In considering a motion to dismiss for failure to state a claim we must accept as true all well-pleaded allegations in the complaint. See Miree v. DeKalb County, Georgia, 433 U.S. 25, 27 n. 2, 97 S.Ct. 2490, 2492 n. 2, 53 L.Ed.2d 557 (1977). The facts in this case are not in dispute. Pursuant to section 9 of the Pennsylvania Election Code, plaintiff is not permitted to cross-file. The principle thrust of plaintiff’s argument is that the individual defendants, acting under color of state law in applying section 9, have violated plaintiff’s equal protection rights because the law discriminates against legislative candidates by denying them the cross-filing privileges permitted judicial candidates.

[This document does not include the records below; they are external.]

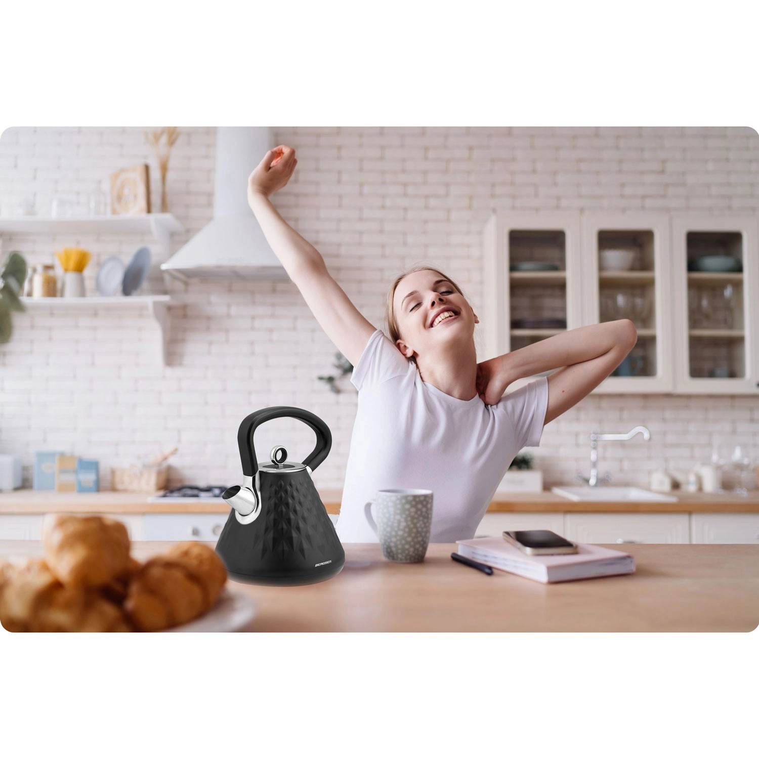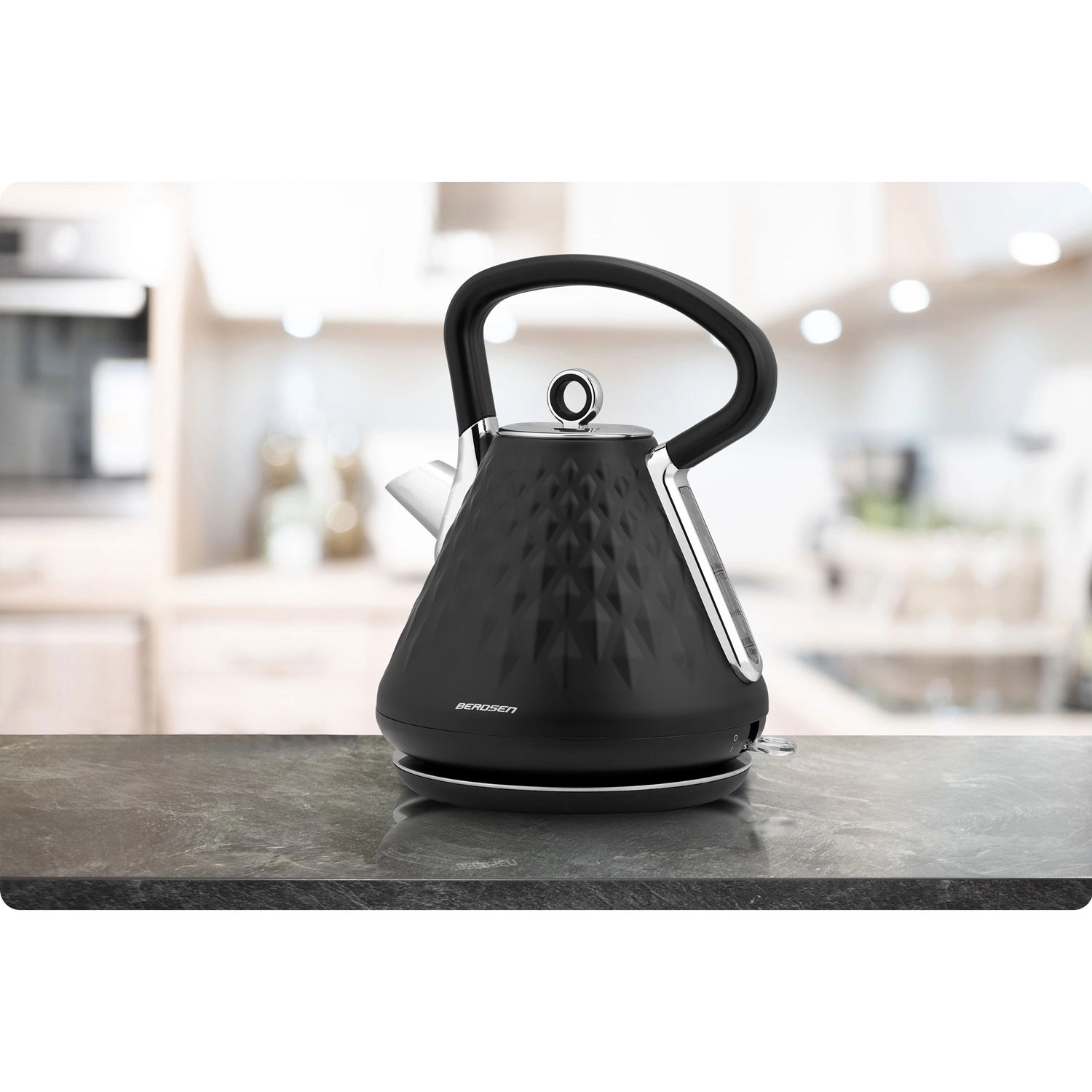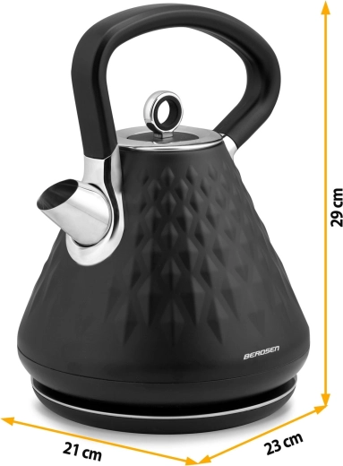 A 1,7 literes Berdsen elektromos vízforraló a gyors felforralást, a prémium, matt kivitelű dizájnt és a 360°-ban forgatható talpat ötvözi. Ergonomikus, nem melegedő fogantyúval, kivehető fém vízkőszűrővel, világító kapcsolóval és csúszásgátló lábakkal a biztonságos használatért.
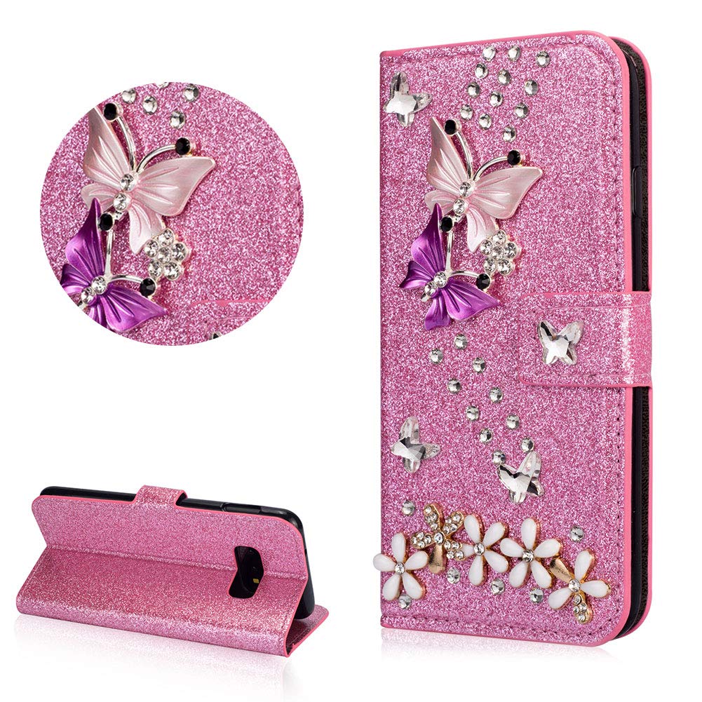 Compatible Phone Model - The Handmade Rhinestone 3D Diamond Glitter Leather Wallet Flip Phone Case is only compatible with Samsung Galaxy S10. Not suitable for any other model of phone. Unique Design - Shiny glossy surface comes with crystal 3D gems butterfly flower pattern. Multiple card slots for
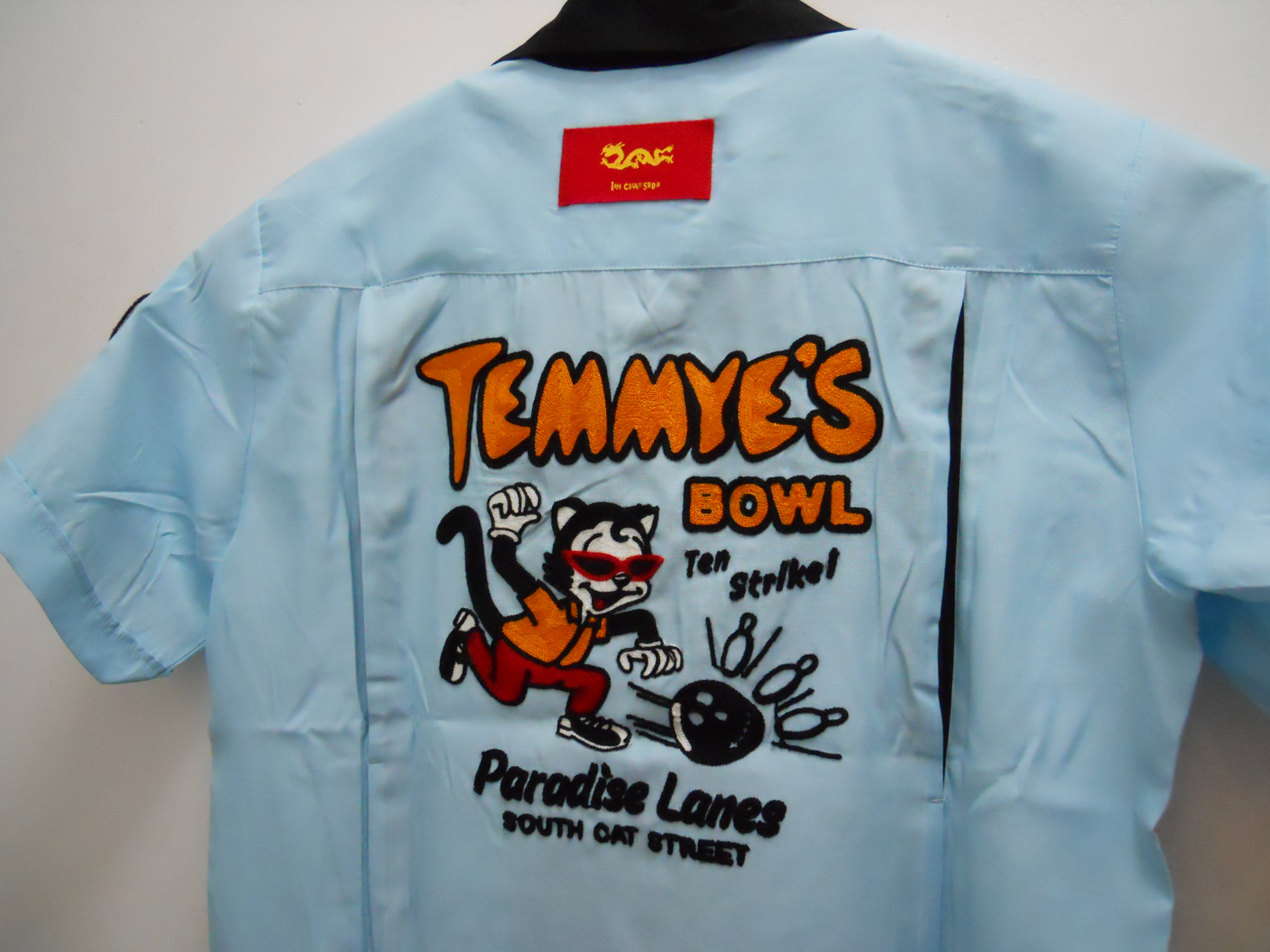 柄、文字は チェーンステッチ刺繍! 袖ワッペン! ボーリングピンボタン仕様!
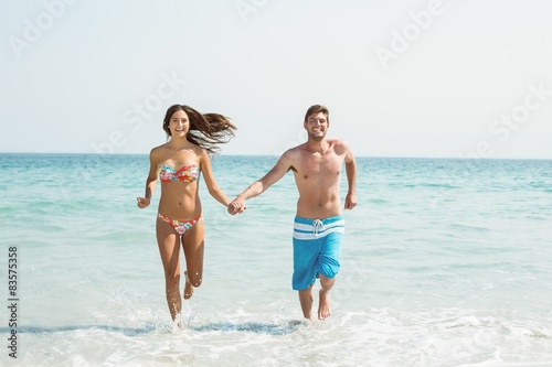 young adult, man, male, caucasian, woman, female, photogenic, beautiful, attractive, coastline, shore, summer, holiday, beach, sunny, bright, vacation, warm, lifestyle, leisure, sunshine, sunlight, holiday, summer, fit, slim, toned, athletic, cute, bikini, standing, love, affection, couple, human relationships, together, happy, smiling, cheerful, holding hands, portrait, running, jogging, fun
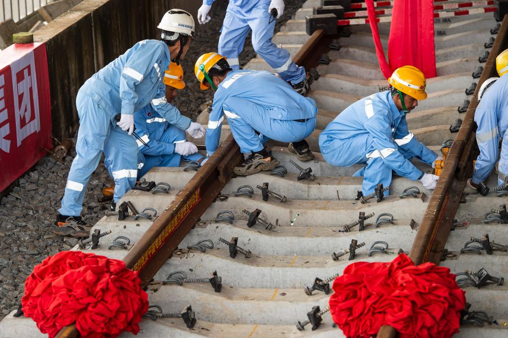 3月31日,在印度尼西亚雅加达雅万高铁哈利姆车站,工人铺设雅万高铁全线最后一根钢轨。

Plaintiff urges this court to apply a strict scrutiny analysis to the classification at issue. Such an exacting standard of review, however, has been reserved for instances in which a “fundamental” constitutional right or a “suspect” classification is present. See *882 Plyler v. Doe, -U.S.-,-n. 2, 102 S.Ct. 2382, 2406 n. 2, 72 L.Ed.2d 186, n. 2 (1982) (Powell, J., concurring). Neither is present here. Despite his assertions to the contrary, plaintiff is not a member of a suspect class simply because he is a “non-lawyer, non-judicial candidate.” See generally San Antonio School Dist. v. Rodriguez, 411 U.S. 1, 28, 93 S.Ct. 1278, 1294, 36 L.Ed.2d 16 (1973); Mass. Bd. of Retirement v. Murgia, 427 U.S. 307, 313, 96 S.Ct. 2562, 2567, 49 L.Ed.2d 520 (1976). Nor is candidacy itself a fundamental right. See Clements v. Fashing, -U.S. -,-, 102 S.Ct. 2836, 2843, 73 L.Ed.2d 508 (1982); Bullock v. Carter, 405 U.S. 134, 143, 92 S.Ct. 849, 856, 31 L.Ed.2d 92 (1972). Therefore, traditional equal protection analysis would require that our inquiry focus on and be limited to whether the legislative classification at issue bears a rational relationship to a legitimate state purpose. See Vance v. Bradley, 440 U.S. 93, 97, 99 S.Ct. 939, 943, 59 L.Ed.2d 171 (1973).